### SUPPLIED MATERIAL
"""

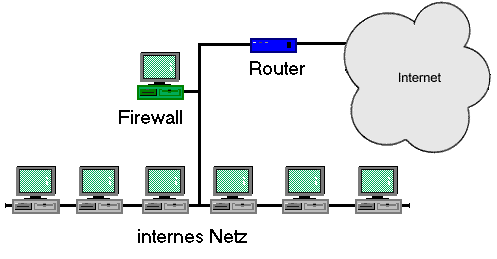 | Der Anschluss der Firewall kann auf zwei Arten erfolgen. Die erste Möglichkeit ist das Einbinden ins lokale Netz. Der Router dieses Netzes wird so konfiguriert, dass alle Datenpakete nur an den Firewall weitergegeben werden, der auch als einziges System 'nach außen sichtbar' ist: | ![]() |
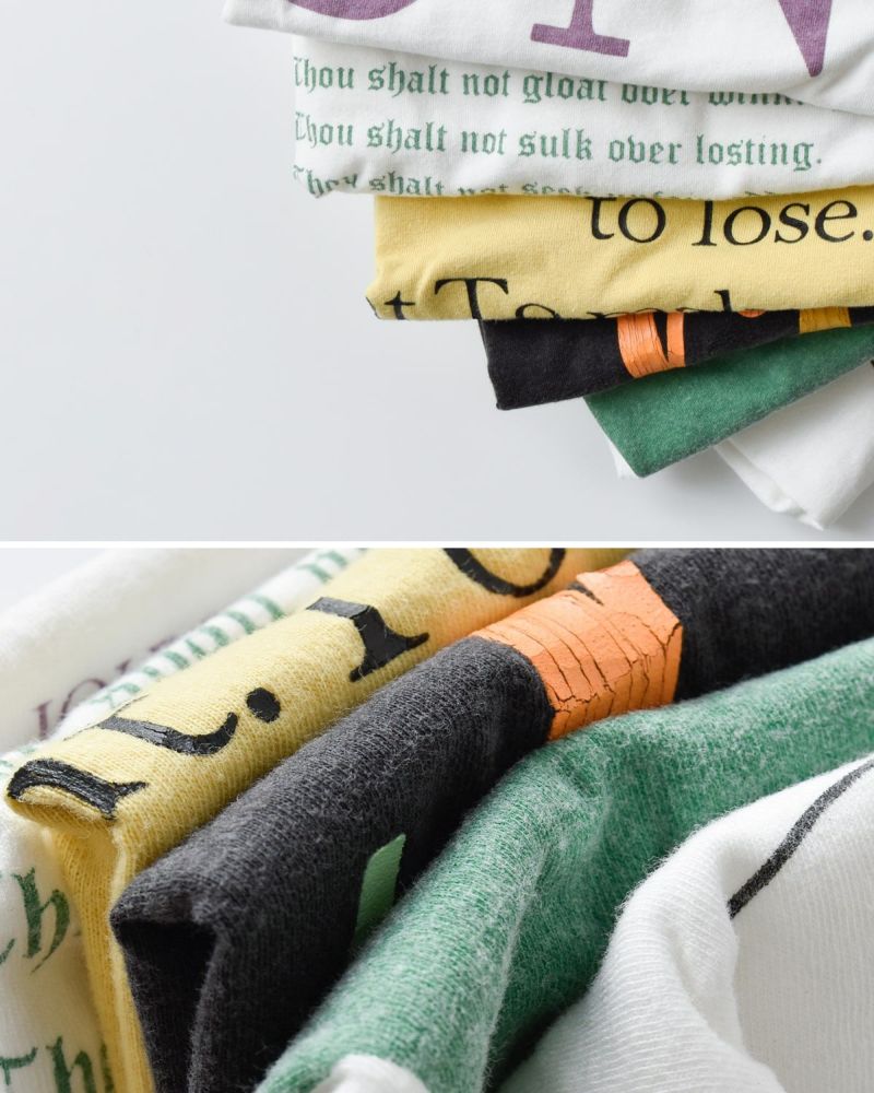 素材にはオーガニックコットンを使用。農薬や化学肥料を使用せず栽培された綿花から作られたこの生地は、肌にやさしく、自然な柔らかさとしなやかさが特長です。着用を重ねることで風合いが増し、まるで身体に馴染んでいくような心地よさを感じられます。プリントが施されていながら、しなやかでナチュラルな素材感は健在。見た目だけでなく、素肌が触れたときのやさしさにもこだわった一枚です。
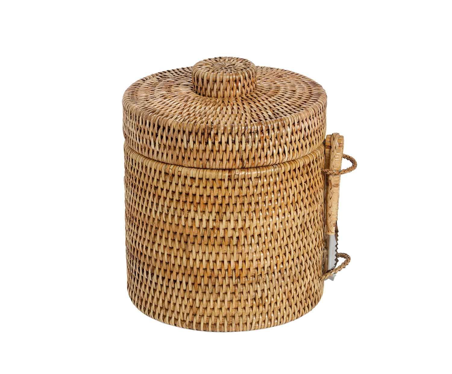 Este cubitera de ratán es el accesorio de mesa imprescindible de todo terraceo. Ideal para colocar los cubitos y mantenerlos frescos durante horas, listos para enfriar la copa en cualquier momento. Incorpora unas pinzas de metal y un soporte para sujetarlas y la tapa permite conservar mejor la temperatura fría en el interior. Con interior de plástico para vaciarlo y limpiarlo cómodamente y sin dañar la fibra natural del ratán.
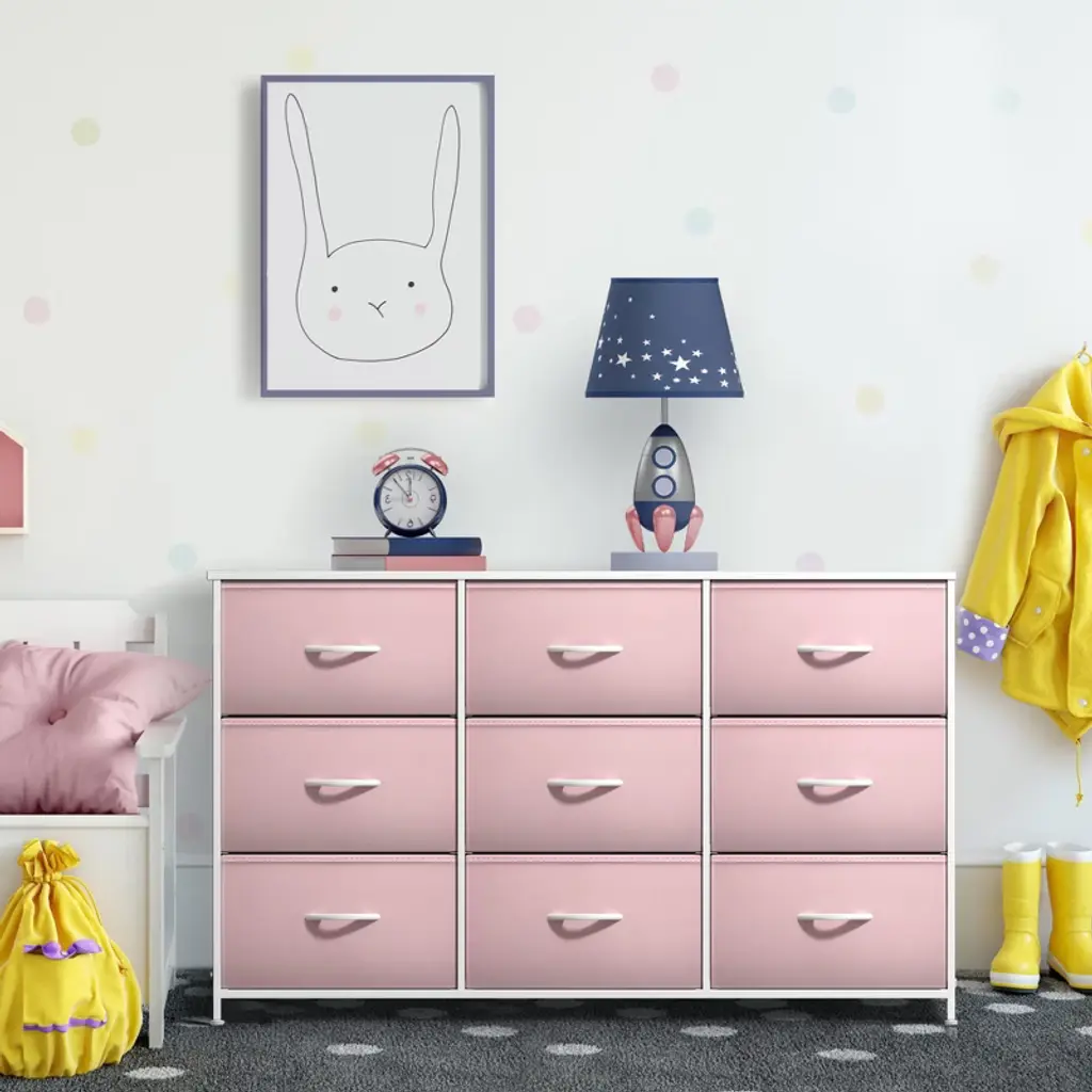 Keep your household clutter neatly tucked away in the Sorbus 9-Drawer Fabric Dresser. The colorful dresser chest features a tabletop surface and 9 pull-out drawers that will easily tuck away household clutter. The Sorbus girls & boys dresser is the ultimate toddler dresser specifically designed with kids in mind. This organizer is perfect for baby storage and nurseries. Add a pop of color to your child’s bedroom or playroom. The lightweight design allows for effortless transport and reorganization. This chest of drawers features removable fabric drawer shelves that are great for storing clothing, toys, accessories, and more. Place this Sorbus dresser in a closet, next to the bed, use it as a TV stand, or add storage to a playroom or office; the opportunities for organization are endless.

"""
"""

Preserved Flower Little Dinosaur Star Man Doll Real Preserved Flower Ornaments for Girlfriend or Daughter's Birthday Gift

"""
"""

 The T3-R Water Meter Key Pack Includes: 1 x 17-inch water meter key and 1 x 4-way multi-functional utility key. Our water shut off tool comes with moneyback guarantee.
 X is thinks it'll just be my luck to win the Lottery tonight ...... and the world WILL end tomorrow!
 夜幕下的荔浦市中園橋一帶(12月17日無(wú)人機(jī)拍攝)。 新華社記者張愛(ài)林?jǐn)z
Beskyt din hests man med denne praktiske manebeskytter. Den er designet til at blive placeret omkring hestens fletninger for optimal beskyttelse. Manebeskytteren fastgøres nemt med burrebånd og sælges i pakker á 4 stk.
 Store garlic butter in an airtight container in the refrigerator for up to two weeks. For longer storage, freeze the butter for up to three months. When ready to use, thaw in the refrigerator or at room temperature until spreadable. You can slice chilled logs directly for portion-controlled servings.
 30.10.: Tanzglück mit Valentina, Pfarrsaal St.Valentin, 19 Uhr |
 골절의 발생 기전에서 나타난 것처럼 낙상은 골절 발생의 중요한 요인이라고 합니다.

"""

### TASK DETAILS
The required output is every line above from the one with "30.10.: Tanzglück mit" down to the one with "골절의 발생 기전에서", restated word for word, ends included.

### FINAL ANSWER
 30.10.: Tanzglück mit Valentina, Pfarrsaal St.Valentin, 19 Uhr |
 골절의 발생 기전에서 나타난 것처럼 낙상은 골절 발생의 중요한 요인이라고 합니다.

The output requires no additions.